Barnea’s brother David became head of Israel’s spy agency in May, shortly after the disaster. The two grew up in a secular family. Zohar turned to religion at age 13, though he did his military service in the Golani infantry brigade and only became Haredi later on.

Zohar said the two have very close ties. He had come to Meron particularly early this year to pray for his brother’s appointment to Mossad chief. “He has his abilities and his virtues,” he said. “I think he’s fully realized the potential of the job.” At Meron, as people toppled around him, Barnea somehow remained standing amid the pileup.

“I felt that I was alone in the world. At that moment I felt, and this feeling has stayed with me very powerfully, it was as though everything went silent,” he said. “There were people shouting ‘help, help me’… It was a terrible sight.” Barnea and others started trying to help people out of the crush. He recalled helping Avigdor Hayut as well as one of his sons, Shmuel. “I pulled [the boy out] and started to resuscitate him, to do chest compressions,” he said.

The boy survived, but another of Hayut’s sons as well as a student of his who had come with them did not.
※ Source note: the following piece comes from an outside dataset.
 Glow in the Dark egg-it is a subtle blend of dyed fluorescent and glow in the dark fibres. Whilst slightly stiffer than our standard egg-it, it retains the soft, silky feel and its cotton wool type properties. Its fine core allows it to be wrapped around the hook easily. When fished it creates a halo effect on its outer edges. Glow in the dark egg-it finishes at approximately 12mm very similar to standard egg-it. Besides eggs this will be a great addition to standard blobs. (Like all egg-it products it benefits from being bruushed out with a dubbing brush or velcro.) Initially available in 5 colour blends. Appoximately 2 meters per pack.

Barnea said he could not initially find his son amid the chaos, and was blocked by a policeman who was aggressive toward him as he tried to move around.
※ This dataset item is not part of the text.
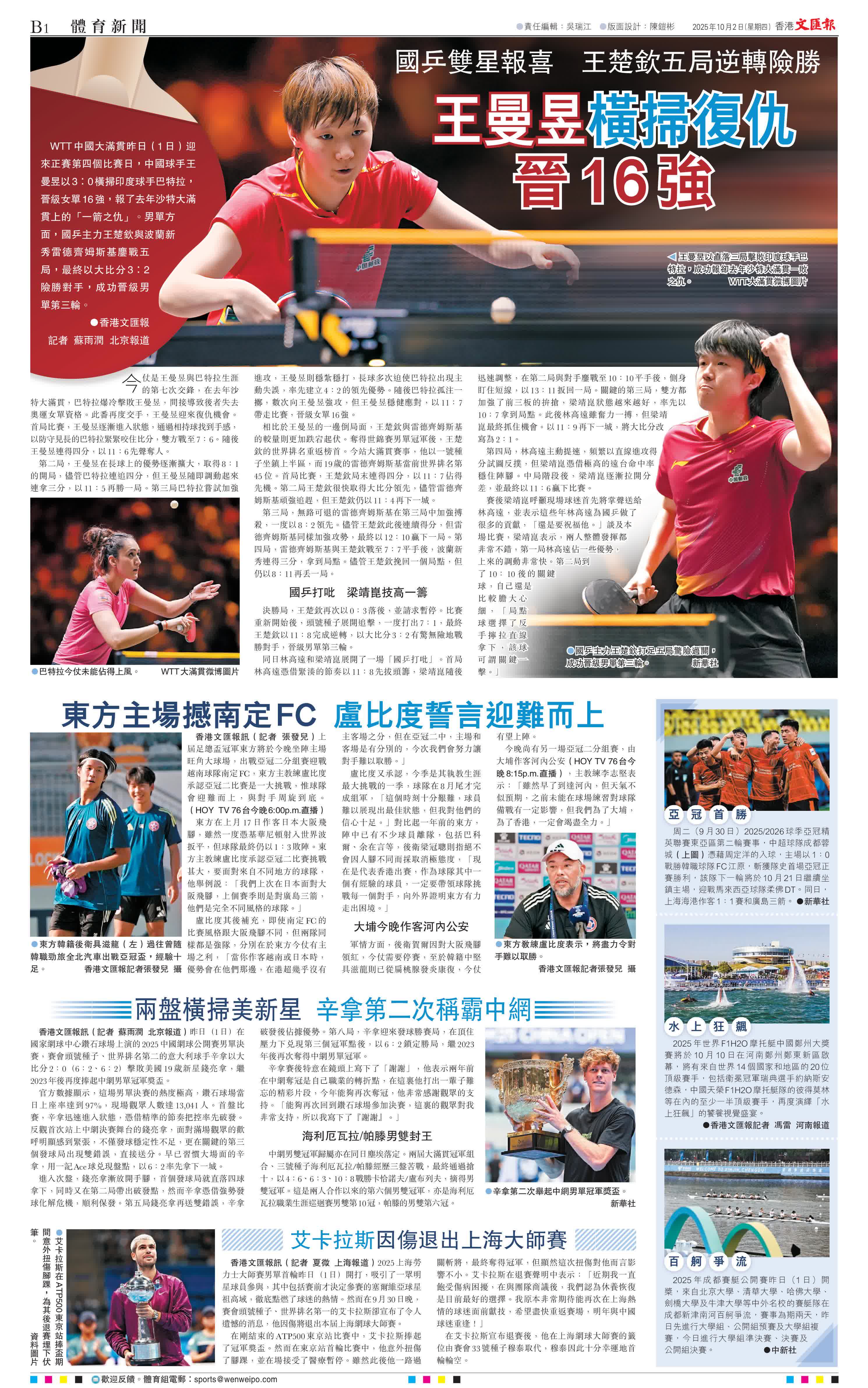 (香港文匯報記者 蘇雨潤 北京報道)WTT中國大滿貫昨日(1日)迎來正賽第四個比賽日,中國球手王曼昱以3:0橫掃印度球手巴特拉,晉級女單16強,報了去年沙特大滿貫上的「一箭之仇」。男單方面,國乒主力王楚欽與波蘭新秀雷德齊姆斯基鏖戰五局,最終以大比分3:2險勝對手,成功晉級男單第三輪。

“I told him eventually ‘Listen, I was in the disaster, I survived, I can’t find my son, you’ve got to help me find him.’ He told me ‘A pity you didn’t kick it too.’”
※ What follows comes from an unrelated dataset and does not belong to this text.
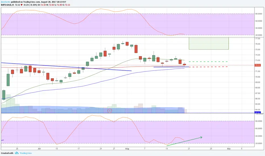 Double bottom with stochastic divergence. Looking for a move up in price before entry at 72.75. Stop is set to 71.75. Looking for a target of 75.00 - 78.00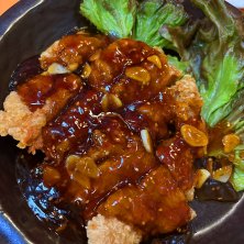 油淋鶏がデカすぎて、どうしたら良いかわからない。

Barnea eventually found his son safe, and then “everything hit me. I fell apart. For the first week or two, I didn’t function at all. I literally couldn’t walk. I stopped working, I kept seeing the events before my eyes. I’m still not myself.”

He put much of the blame for the scope of the disaster on police conduct, which he said was violent and antagonistic throughout. “The feeling was that the cops were not here to help us, they were our enemies… Everywhere you saw cops hitting people, it was heartbreaking.”

After the formation of Israel’s new government in June, a state commission of inquiry was formed to investigate the disaster. In November the panel submitted an interim report Monday to Prime Minister Naftali Bennett, though few details have been made public.

Bennett said the government will study the report closely to ensure such an incident never recurs. “Negligence, failed management, unprofessional appointments cost lives,” Bennett said in a statement from the Prime Minister’s Office.

The report was also submitted to the Religious Services Ministry and Public Security Ministry.

Religious Services Minister Matan Kahana vowed that next year’s celebrations “will be completely different from past Meron events, and will take place according to different safety standards.”